■ **Activity**:
Your copy should match the listing below exactly, except that it holds no images.

■ **Dataset content**:

Content starts

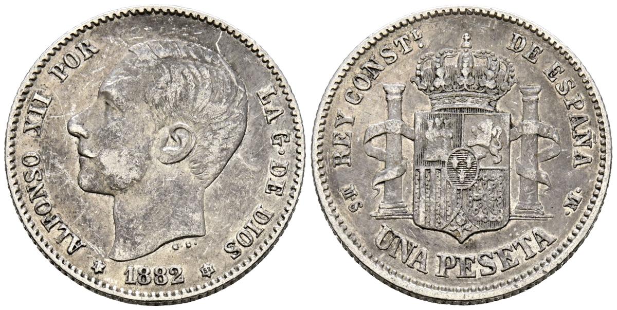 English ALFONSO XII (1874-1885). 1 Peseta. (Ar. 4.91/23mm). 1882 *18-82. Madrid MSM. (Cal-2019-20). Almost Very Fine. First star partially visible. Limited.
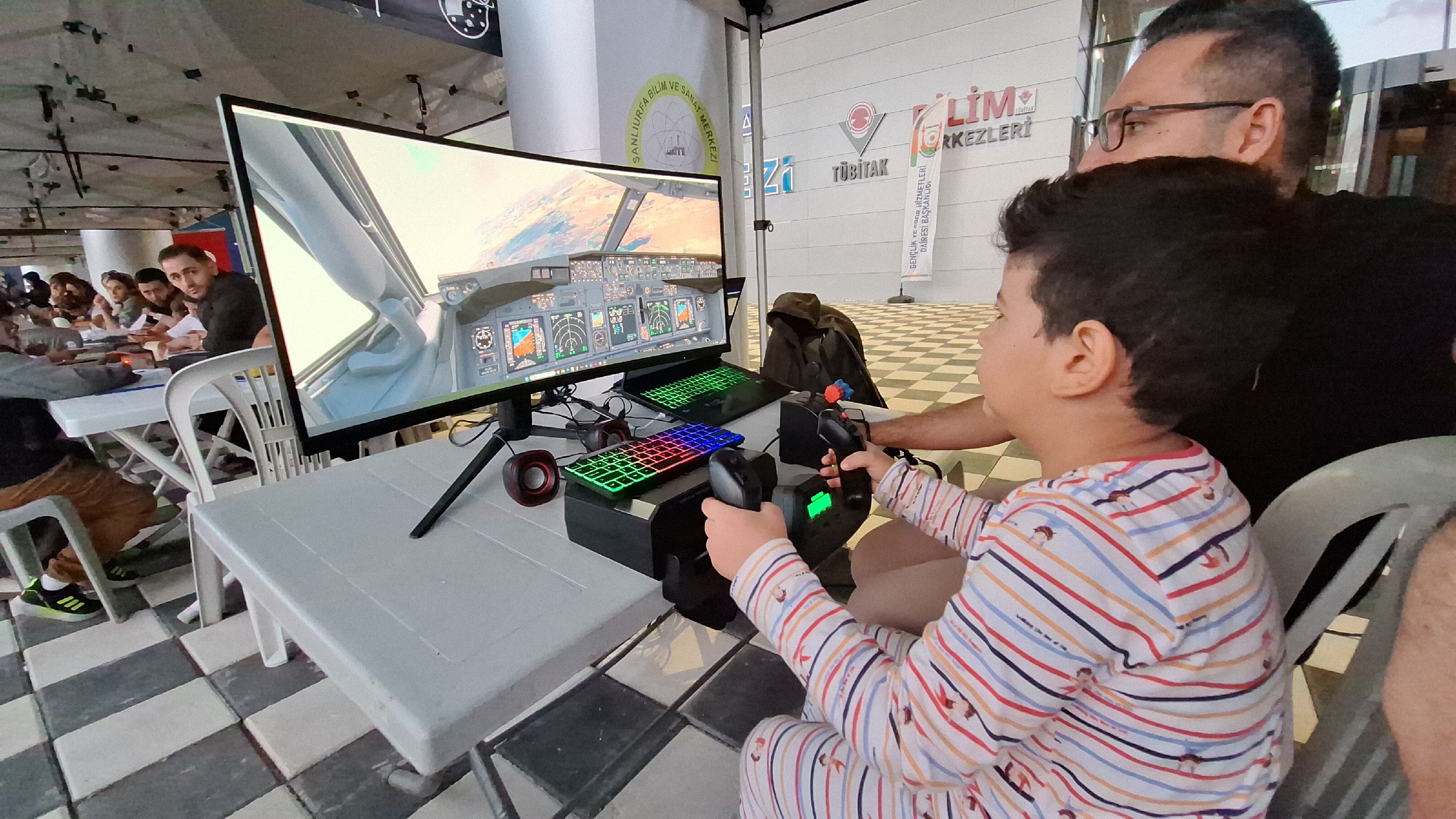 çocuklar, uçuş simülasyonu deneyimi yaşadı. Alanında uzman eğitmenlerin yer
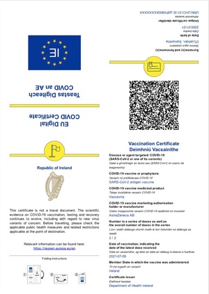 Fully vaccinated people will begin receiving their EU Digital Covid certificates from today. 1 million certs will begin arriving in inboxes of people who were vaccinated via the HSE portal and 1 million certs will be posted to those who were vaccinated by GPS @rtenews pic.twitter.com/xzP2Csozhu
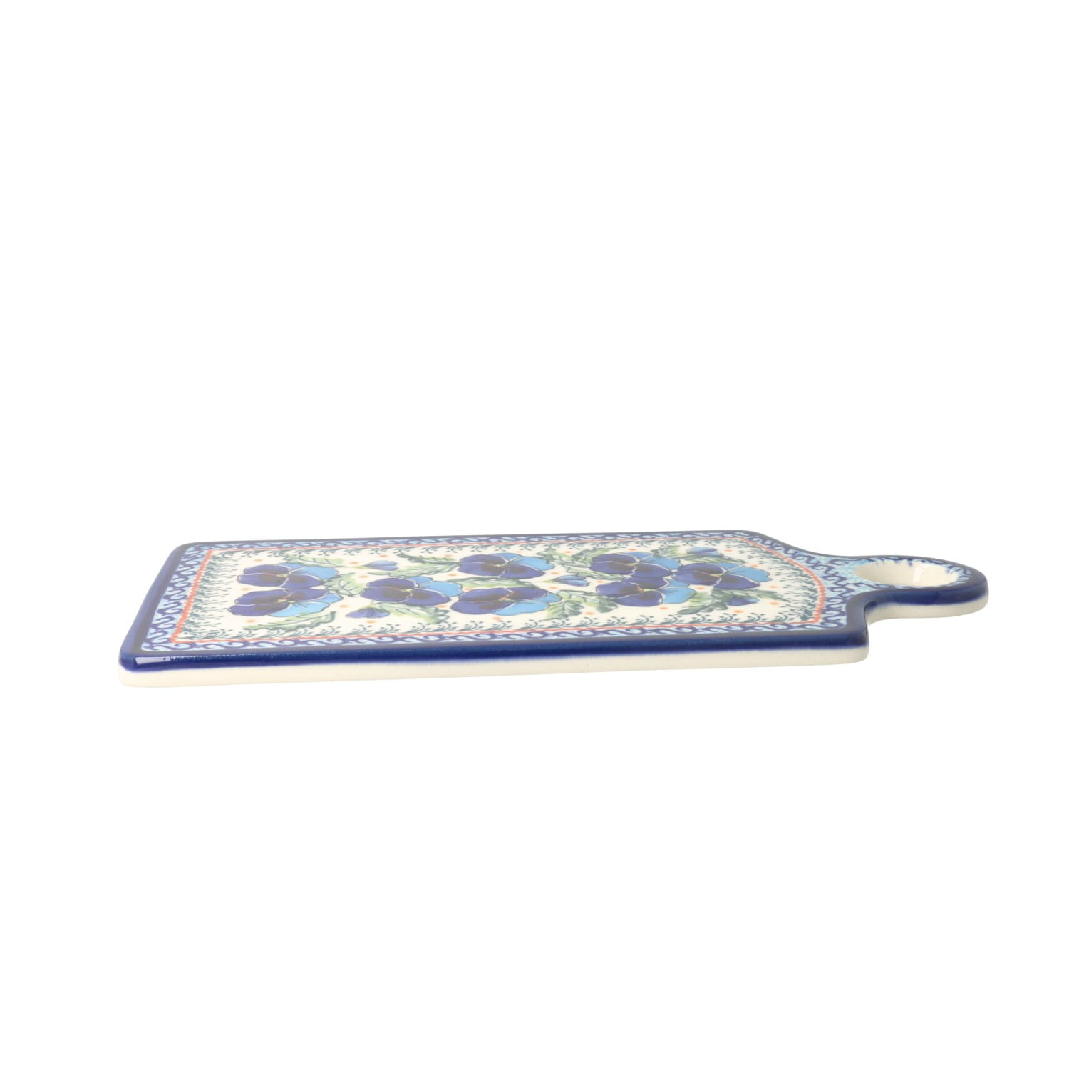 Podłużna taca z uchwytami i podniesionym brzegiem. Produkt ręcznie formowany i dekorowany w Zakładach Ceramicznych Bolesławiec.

Content ends

■ **Answer below**:
 English ALFONSO XII (1874-1885). 1 Peseta. (Ar. 4.91/23mm). 1882 *18-82. Madrid MSM. (Cal-2019-20). Almost Very Fine. First star partially visible. Limited.
 çocuklar, uçuş simülasyonu deneyimi yaşadı. Alanında uzman eğitmenlerin yer
 Fully vaccinated people will begin receiving their EU Digital Covid certificates from today. 1 million certs will begin arriving in inboxes of people who were vaccinated via the HSE portal and 1 million certs will be posted to those who were vaccinated by GPS @rtenews pic.twitter.com/xzP2Csozhu
 Podłużna taca z uchwytami i podniesionym brzegiem. Produkt ręcznie formowany i dekorowany w Zakładach Ceramicznych Bolesławiec.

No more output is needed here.